Institute of Archaeology


Institute of Archaeology alumna receives award for work on historic glass

10 May 2024

Laura Adlington has been announced as the sixth winner of the Society of Glass Technology’s Pilkington Award, named in honour of Sir Alistair Pilkington, the inventor of float glass.

A woman positioning a piece of equipment on a tripod in front of a stained glass window

The Pilkington Award is “designed to encourage and recognise excellent work in glass research or innovation achieved by someone who, like Sir Alastair, has come relatively recently into the field of glass studies.” 

Laura will be presented with the award at the jointly held 15th European Society of Glass Conference and the 15th International Conference on the Structure of Non-Crystalline Materials to be held from 15-19 July 2024 at Churchill College, Cambridge, UK.  This is the first time that the award has been given to a researcher in historic and archaeological glass.

Laura undertook her MSc and PhD research on medieval glass at the UCL Institute of Archaeology, supervised by Ian Freestone.  Her work focused on the production of the Great East Window of York Minster, as well as the investigation of twelfth century window glass in Canterbury Cathedral. It involved the application of a range of scientific techniques to investigate the origins of the glass.   

Following her time at UCL, Laura went on to study the composition of early Islamic glass mosaics with CNRS, France. 

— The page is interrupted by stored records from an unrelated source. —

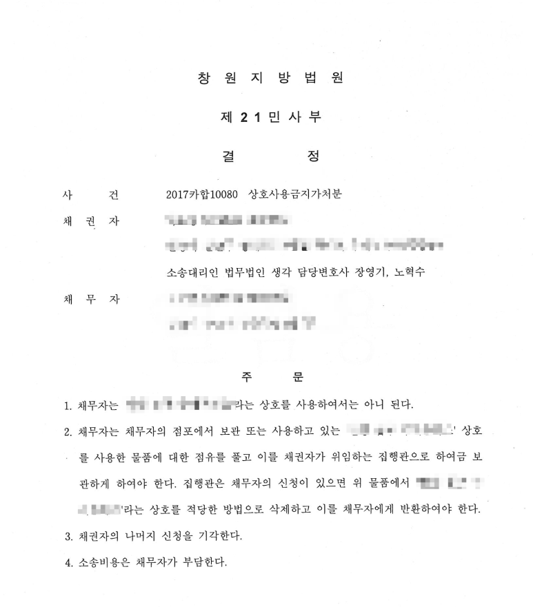위와 같이 상호사용금지 가처분 인용 결정을 받았습니다. 즉 위법하게 우리 의뢰인의 상호를 사용한 상대방에 대하여 더이상 그와 같은 상호를 사용하지 못하도록 금지한 것입니다.
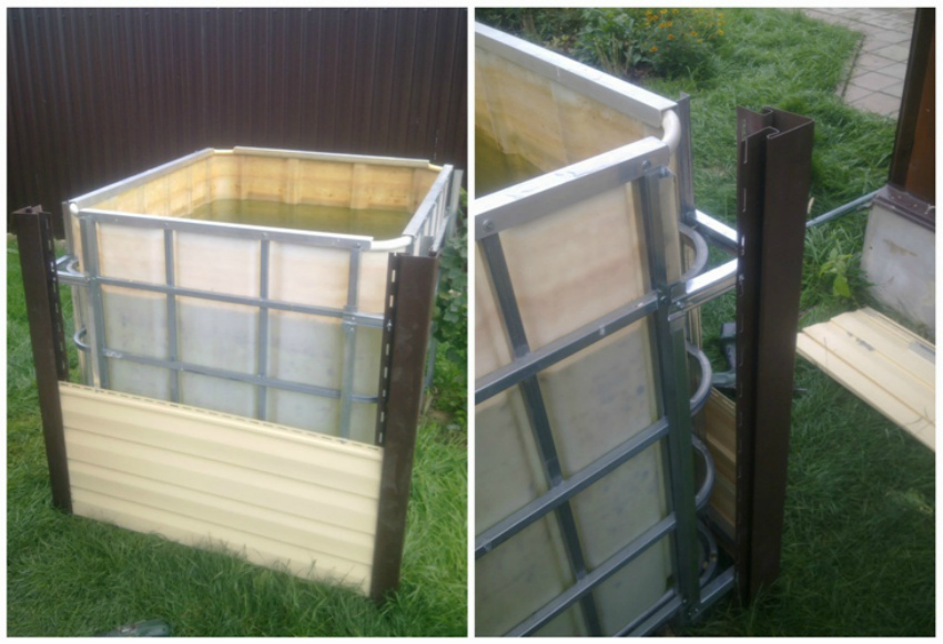 Сооружение конструкции начинаем с обрезки верхушки пластиковой емкости вместе с частью металлической обрешетки, делаем перелив по контуру. Снизу конструкции находится сливной край, который позволит нам без проблем слить воду, а при помощи шланга с насосом набрать жидкость. По углам пластиковой емкости устанавливаем металлические опоры и обшиваем ее по периметру сайдингом.
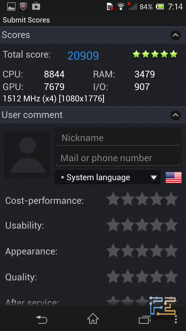 Железо смартфона имеет одну из новейших конфигураций. Модель базируется на чипе Qualcomm APQ8064 (он же Snapdragon S4 Pro), а центральный процессор содержит четыре вычислительных ядра. Тактовая частота каждого из них осталась прежней — 1.5 ГГц. За графику отвечает ускоритель Adreno 320. Такая мощная начинка обусловлена Full HD разрешением дисплея, его запросы будут явно требовательными. Значительная часть аппаратных ресурсов тратится на обеспечение нормальной работы самых банальных вещей (экранной анимации, отображения картинок и так далее), это очевидно. Однако мы провели несколько тестов, которые показали, что и в требовательных приложениях Sony Xperia Z держится очень уверенно.

The award was given in recognition of the originality and impact of Laura’s work in furthering the understanding of archaeological and historical glass monuments such as stained glass windows and mosaics.  In particular, she refined and extended an approach to the analysis of glass using hand-held portable x-ray fluorescence (pXRF), which involves concentrating on well-determined trace elements. 

By 3D printing a specially designed polymer nose for the XRF she termed the WindoLyser, she was able to significantly improve the potential of analysis in the investigation of historic and archaeological glass.

Ian Freestone commented:

Laura’s work has pointed the way forward in the investigation of glass windows and mosaics.  It has already been taken up by several laboratories around Europe, and the authorities at Canterbury were recently persuaded to allow the erection of scaffolding to analyse windows which are otherwise inaccessible to analysis.”